Tapi, bukan berarti itu menutupi soal-soal di atas. Jaringan dengan dasar formalitas anehnya malah ikut memformat ulang hubungan-hubungan sosial di dalamnya. Ketika sebelumnya sudah kosong dari keintiman interaksi, hubungan dengan asas profesi itu memiliki konsekuensi yang lumayan mahal; kebersamaan kian tinggi harganya, solidaritas kian sulit dijangkau. Semua itu terjadi oleh sebab setiap relasi hanya mungkin jika membuat gemuk lingkaran kekerabatan individu.

Potret masyarakat perkotaan seperti gambar yang dicetak digital. Paduan warnanya, letak gambarnya, tajam halus gradasinya dibikin dari unsur sistem yang berbau mesin dan teknis. Dari cara semacam itu, gambar digital memang berhasil menjadi gambar yang presisi dan tepat, namun sekaligus sebenarnya hanyalah gambar yang hampa tanpa unsur estetik.

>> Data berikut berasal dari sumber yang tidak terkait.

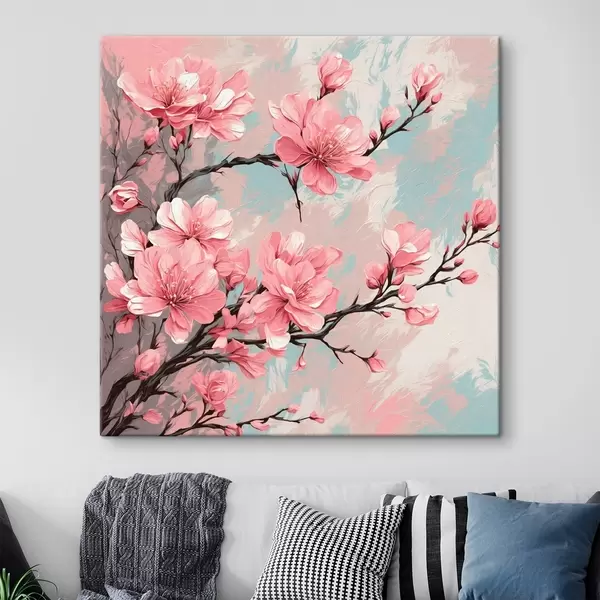 Obraz Růžové květy a stonky ve stylu akrylové malby Č. s42918
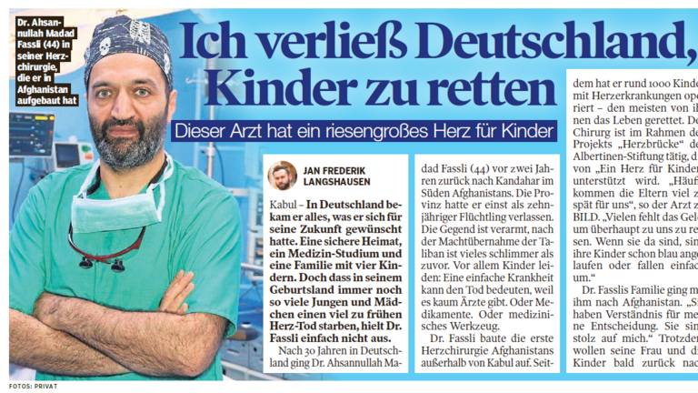 Das finden wir auch und erfreuen uns an dem freundlichen Artikel über Dr. Ahsannullah Madad Fassli, unseren Herzbrücke-Chirurgen in Kandahar, auf www.bild.de und der Veröffentlichung in der Printausgabe der Bildzeitung am 11. Februar 2025.

Hilangnya unsur estetis dalam gambar digital dengan kata lain hanya menjadi gambar kaku tanpa jiwa, apalagi bakal tidak mampu menerbitan perasaan haru biru. Sesuatu yang sangat sentimentil, emotif, dan menggerakkan. Singkatnya, gambar digital hanyalah gambar tanpa dimensi kemanusiaan.

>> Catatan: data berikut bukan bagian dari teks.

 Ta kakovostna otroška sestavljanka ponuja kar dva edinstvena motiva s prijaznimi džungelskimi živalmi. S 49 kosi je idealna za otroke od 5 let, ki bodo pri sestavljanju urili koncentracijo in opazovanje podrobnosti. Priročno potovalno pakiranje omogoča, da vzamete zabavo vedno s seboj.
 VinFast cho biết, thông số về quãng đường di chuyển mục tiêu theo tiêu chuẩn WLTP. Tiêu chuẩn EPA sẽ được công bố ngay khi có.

Masyarakat kota yang sekaligus juga terbitnya masyarakat modern membutuhkan dimensi yang lebih manusiawi alih-alih hanya mendudukkan rasionalitas sebagai satu-satunya ukuran progresifitas.

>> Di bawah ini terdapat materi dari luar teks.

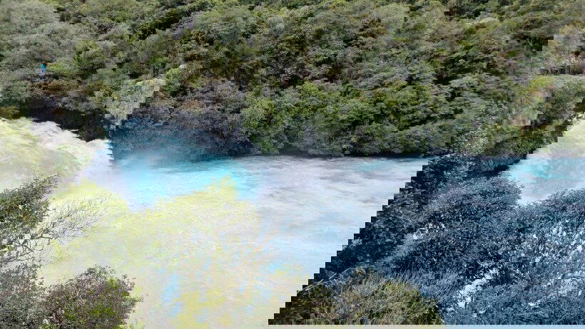 The road ahead unfolds in a broad panorama of Lake Taupo, the largest of its kind in the country. It's a landscape almost as otherworldly as Rotorua, where mud pops and jettisons from bubbling geysers, and steam rushes skywards from cracks in the Earth.

Masyarakat kota harus dilihat sebagai suatu lukisan. Pencitraan yang lahir dari dimensi intrinstik manusia yang disebut jiwa. Setiap goresan dan warnanya lahir atas dasar kedalaman intuitif yang jujur sehingga menghasilkan pemandangan yang hidup dan dinamis. Suatu yang menyedot pengalaman dalam aktivitas intim satu sama lain, yang bakal menghasilkan pengalaman kolektif dan empatik.

Gambar digital karena itu tidak mampu berkisah apa-apa. Ia gambar yang mati. Berbeda dari lukisan yang hidup dan mampu berkisah tentang sesuatu yang diwakilkan melalui gambarnya, warnannya, dimensinya, gradasinya...

Joseph Campbell, seorang scholar mitologi, dalam Ruang Sadar tak Berpagar tulisan Alwy Rachman, mengkritik masyarakat modern yang semakin ke sini semakin kehilangan kisah. Menurut Campbell, kisah adalah elemen fundamental bagi manusia. Dia menggerakkan sekaligus memberikan dasar maknawi bagi perilaku manusia.

Sebagaimana terangkum dalam mitos, legenda, atau tradisi kerakyatan, kisah adalah urat nadi yang memelihara jiwa manusia tetap memiliki dasar manusiawinya. Kisah dalam arti demikian adalah jangkar solidaritas masyarakat untuk mengartikulasikan kebersamaannya, kepekaannya, dan keintimannya ke dalam satu komunitas yang saling menopang dan mendukung. Manusia ada karena terhubung dengan keberadaan yang lain, begitu singkatnya.

Lalu, saat masyarakat kota kehilangan kisah---yang masih banyak ditemukan di pelosok desa-desa-- yang dengan itu tiap-tiap individu menemukan kedalaman eksistensinya dalam kebersamaan, dengan apa lagi mengisi lubang jiwa yang semakin hari semakin teriris?